Monday, August 20, 2012

Angels and Nephilim and other Biblical Beings in Fiction - CSFF Blog Tour

Julie here! This month, the CSFF Blog Tour is reviewing Karyn Henley's Eye of the Sword (blog, Facebook).

I'm not a fan of angels in fiction. In addition to the concern Henley expresses on her website about not wanting to go through God's middleman, I also notice the media tends to get angels wrong. No, I never thought that when a bell rings an angel gets its wings, but I was shocked in 7th or 8th grade to discover that no, angels are NOT actually dead people, but created beings.

There are a lot of things about angels in Eye of the Sword that I personally disagree with, despite Henley's extensive Christian work history. Full disclosure, I did not read the first book in the series, Breath of Angel, so it's possible some of these points were addressed there. However, in Eye of the Sword:
  • Humans and angels can have children, and the end result is Nephilim, who are neither giants nor bad. (See Genesis 6, where God is very angry, in close conjunction with the angels taking human women as wives. One explanation, though not the only one, is that God needed the flood to wipe out the half-breed Nephilim from the Earth.)
  • Female angels can bear children of human men.
  • Unless I read wrong, angels seem to be able to die as humans die.
  • Outside of heaven, angels seem to consistently look like humans (aside from wings they hide under a cape).
  • Many angels spend their time with humans, acting more or less like humans; I saw little evidence of them thinking about God and His affairs.
  • Angels can't get to heaven if their stairway is missing.
Some people will find no problem with these rules applying to angels. Others might argue that this is a fantasy world, so the Biblical portrayal of angels doesn't have to apply. For some reason, I have no problem when Christian fantasy portrays dragons (commonly portrayed as Satan in the Bible) and pegasii (Pegasus was a "god"). I think C.S. Lewis even redeemed dryads in Narnia. (Not so sure about Bacchus, though!)

But I personally can't view angels with the same flexibility I give dragons. Angels are absolutely real, Biblical beings, not figurative portrayals. They are involved in human affairs, and are second to God. Even if we speculate that God created countless worlds (and I love to speculate about that), would the angels themselves be so drastically different in those other words?

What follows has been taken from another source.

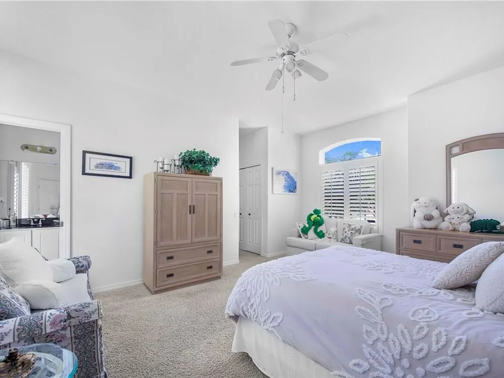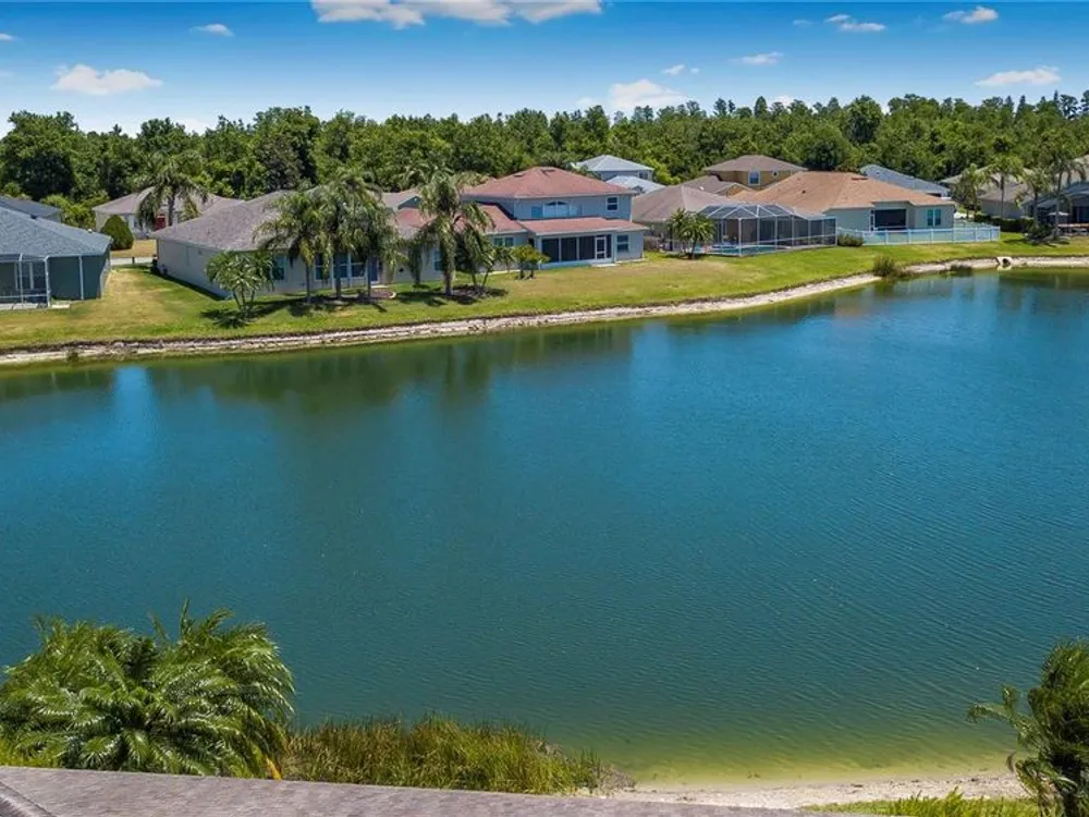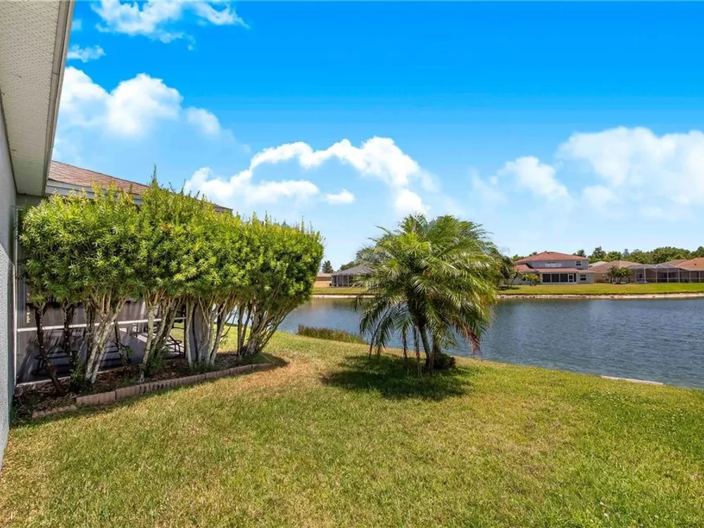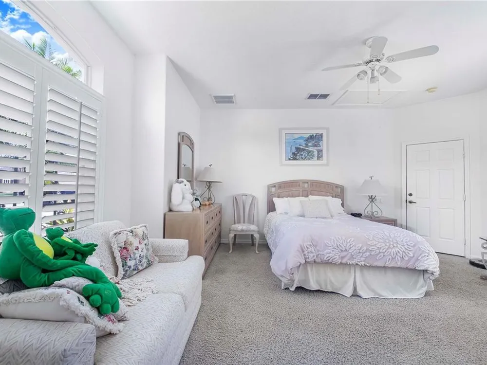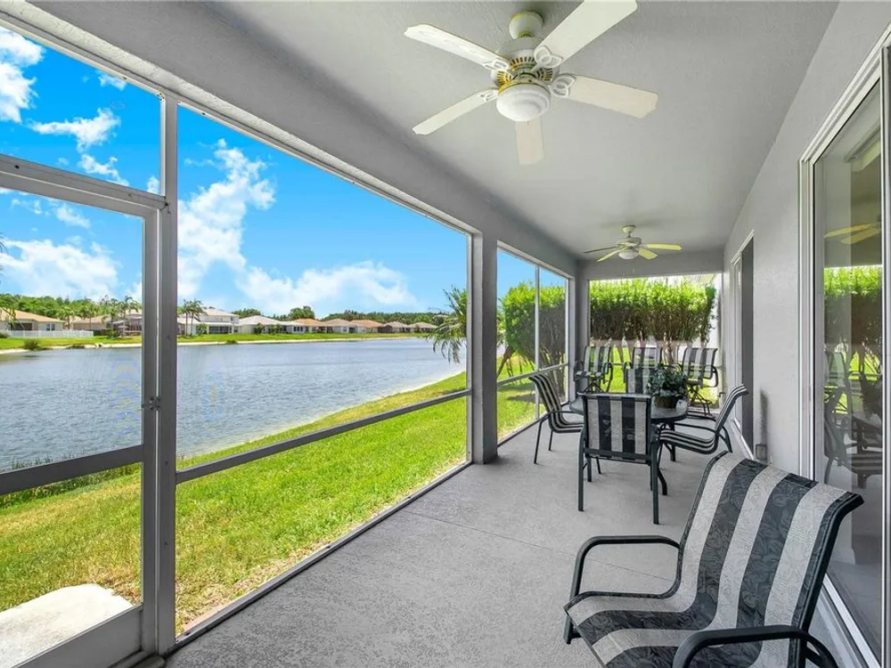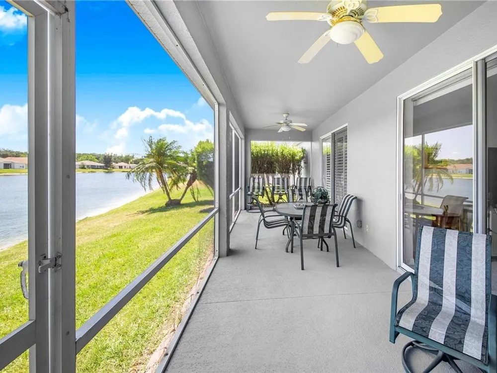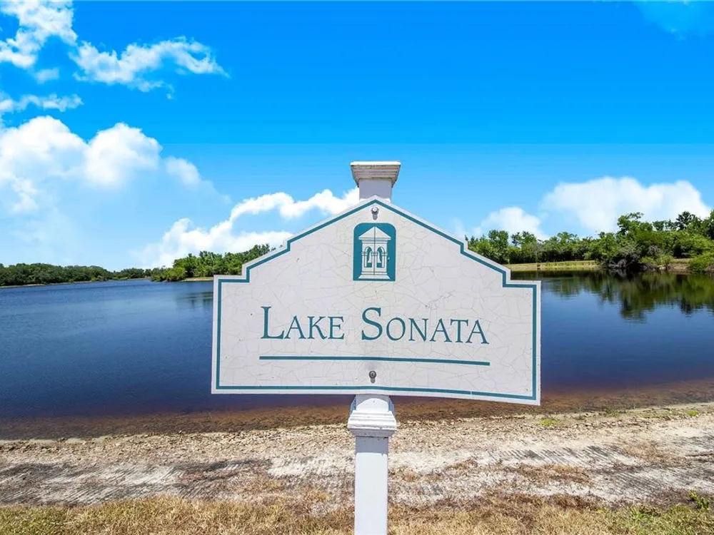Welcome to this beautifully designed 3-bedroom 3 bath, nestled in the vibrant lakefront community of Carillon Lakes on the shores of Lake Sonata. Thoughtfully laid out for comfort and privacy, this home features a unique atrium that separates the guest or in-law suite from the main living area-perfect for extended family or visitors. The guest suite includes its own private entrance, a kitchenette with a refrigerator and microwave, and a convenient storage closet. Inside, you'll find light neutral walls that enhance the home's airy and inviting feel and elegant plantation shutters throughout. The owner's suite is a true retreat with its own sitting area, a spacious walk-in closet, and a large bathroom designed for relaxation. The home also boasts a newly painted exterior and a roof installed in 2018, offering peace of mind for years to come. Enjoy everyday convenience with a dedicated laundry room and a beautiful entryway that welcomes you with charm. Step out back to a screened-in room that offers tranquil views of Lake Sonata, ideal for morning coffee or evening sunsets. Enjoy access to wonderful community amenities including a clubhouse, tennis and basketball courts, and a dedicated cornhole area- ideal for fun and connection with neighbors. Furnishings can be purchased in a separately. This is a rare opportunity to own a private, spacious, and beautifully maintained home in a highly desirable location.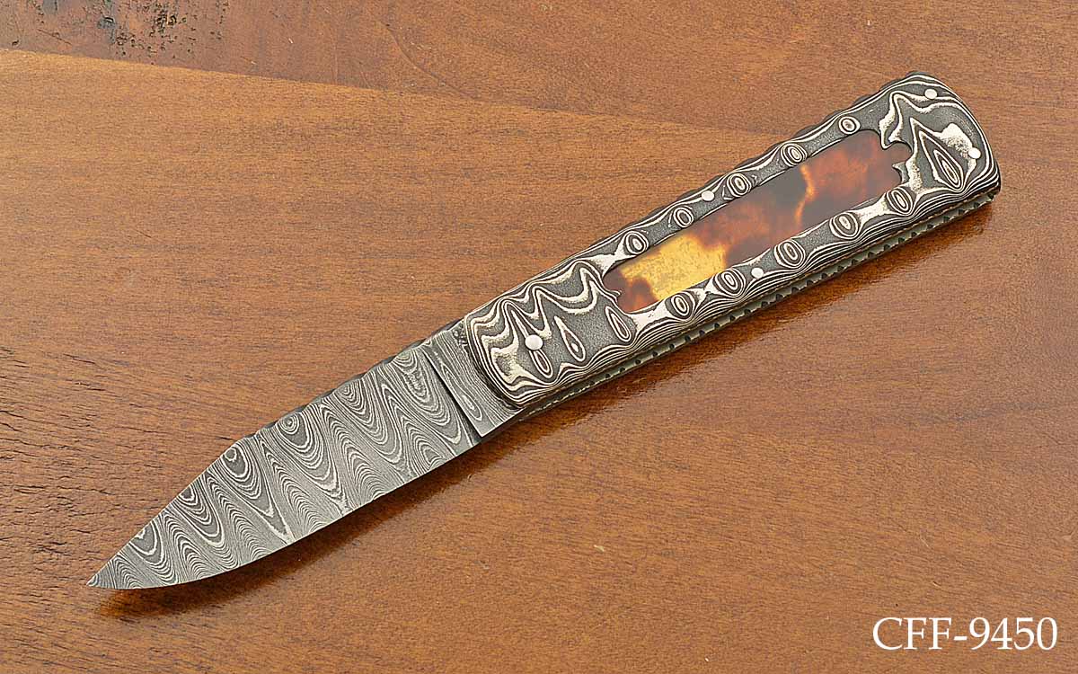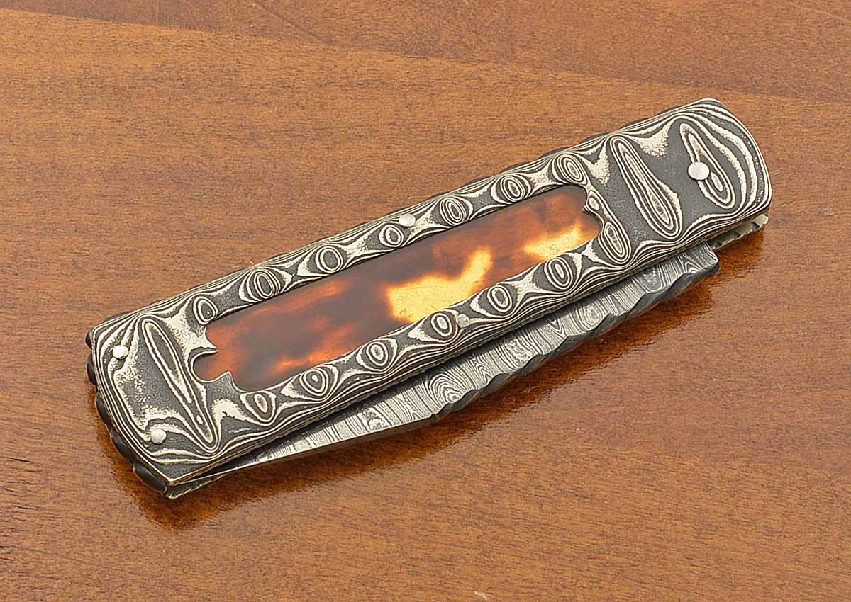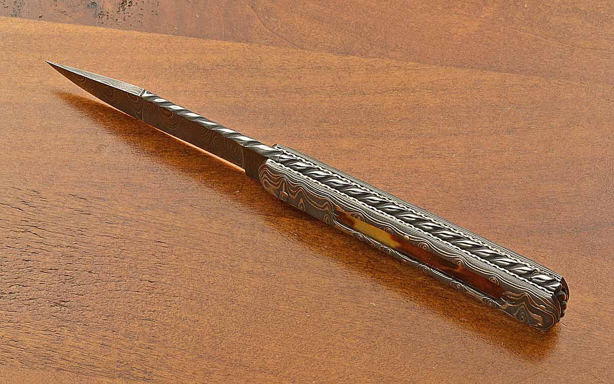 - 2 7/8" Damascus blade, 6 5/8" opened length

Even allowing that angels might be different in other worlds, Eye of the Sword takes place in a world where the term "comain" is used for people who seem to basically fulfill the function of knights.  I don't agree with everything Orson Scott Card has to say, but he (and I believe many others) argue that in fantasy, if you use a new term for an item, there should be a good reason for it. If someone's eating a fruit that looks a lot like an apple, and tastes a lot like an apple, and grows on trees that look like apple trees, and is made into pies that taste like apple pies, it's probably best to just call the fruit an apple.

So by that logic, I as reader assume that the so-called "angels" and "Nephilim" are supposed to be MORE similar to the real angels and Nephilim of our world, than the king-serving, sword-and-shield bearing, horse-riding "comains" are similar to the knights of old. And given that these angels and Nephilim do not at all match up to my expectations, I got alternately irritated and offended when reading about them.

Anyway, angels obviously fascinate a lot of people, and just a cursory look at Henley's website reveals how much they interest her. She has an engaging writing style and writes a good fantasy. I'm almost certain I would have really liked Eye of the Sword if the angels had been another race, aliens, or something besides "angels." That said, angels are so popular, I would imagine they helped the book sell.

So! What you think about fantasy portrayals of Biblical things like angels? I'll review the book tomorrow.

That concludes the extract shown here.